● **Task requirements**
What you return must be exactly the lines running from the one with "Слайд 9ДЛЯ ВСЕХ" to the end of the data below, inclusive, and nothing more.

Stored data entries:

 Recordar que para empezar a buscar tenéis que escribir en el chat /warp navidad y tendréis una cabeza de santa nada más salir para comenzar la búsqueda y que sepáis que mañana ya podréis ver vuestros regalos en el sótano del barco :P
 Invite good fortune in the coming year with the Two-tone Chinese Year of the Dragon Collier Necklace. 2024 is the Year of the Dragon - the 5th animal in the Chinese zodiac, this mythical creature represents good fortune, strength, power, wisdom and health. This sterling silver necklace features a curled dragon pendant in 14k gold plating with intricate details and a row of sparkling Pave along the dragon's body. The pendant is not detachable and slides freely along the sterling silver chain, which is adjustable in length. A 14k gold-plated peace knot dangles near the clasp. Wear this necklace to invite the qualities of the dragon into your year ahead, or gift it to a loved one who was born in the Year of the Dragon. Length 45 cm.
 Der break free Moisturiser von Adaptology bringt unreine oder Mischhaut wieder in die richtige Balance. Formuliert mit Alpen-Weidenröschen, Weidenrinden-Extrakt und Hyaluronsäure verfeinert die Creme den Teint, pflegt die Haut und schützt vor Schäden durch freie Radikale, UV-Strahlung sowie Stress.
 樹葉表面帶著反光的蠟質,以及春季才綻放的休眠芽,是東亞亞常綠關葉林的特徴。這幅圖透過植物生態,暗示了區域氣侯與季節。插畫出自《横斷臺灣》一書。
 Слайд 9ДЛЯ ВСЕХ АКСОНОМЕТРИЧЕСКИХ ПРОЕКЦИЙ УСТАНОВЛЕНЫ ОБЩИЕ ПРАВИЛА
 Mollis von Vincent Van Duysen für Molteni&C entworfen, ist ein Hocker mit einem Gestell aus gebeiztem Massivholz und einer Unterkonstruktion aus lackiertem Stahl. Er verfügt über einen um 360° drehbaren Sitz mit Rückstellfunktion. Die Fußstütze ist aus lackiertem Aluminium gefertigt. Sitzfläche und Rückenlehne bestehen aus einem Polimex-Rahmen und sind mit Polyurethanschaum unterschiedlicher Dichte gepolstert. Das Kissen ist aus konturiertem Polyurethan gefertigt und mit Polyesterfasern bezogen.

● **Written response**
 Слайд 9ДЛЯ ВСЕХ АКСОНОМЕТРИЧЕСКИХ ПРОЕКЦИЙ УСТАНОВЛЕНЫ ОБЩИЕ ПРАВИЛА
 Mollis von Vincent Van Duysen für Molteni&C entworfen, ist ein Hocker mit einem Gestell aus gebeiztem Massivholz und einer Unterkonstruktion aus lackiertem Stahl. Er verfügt über einen um 360° drehbaren Sitz mit Rückstellfunktion. Die Fußstütze ist aus lackiertem Aluminium gefertigt. Sitzfläche und Rückenlehne bestehen aus einem Polimex-Rahmen und sind mit Polyurethanschaum unterschiedlicher Dichte gepolstert. Das Kissen ist aus konturiertem Polyurethan gefertigt und mit Polyesterfasern bezogen.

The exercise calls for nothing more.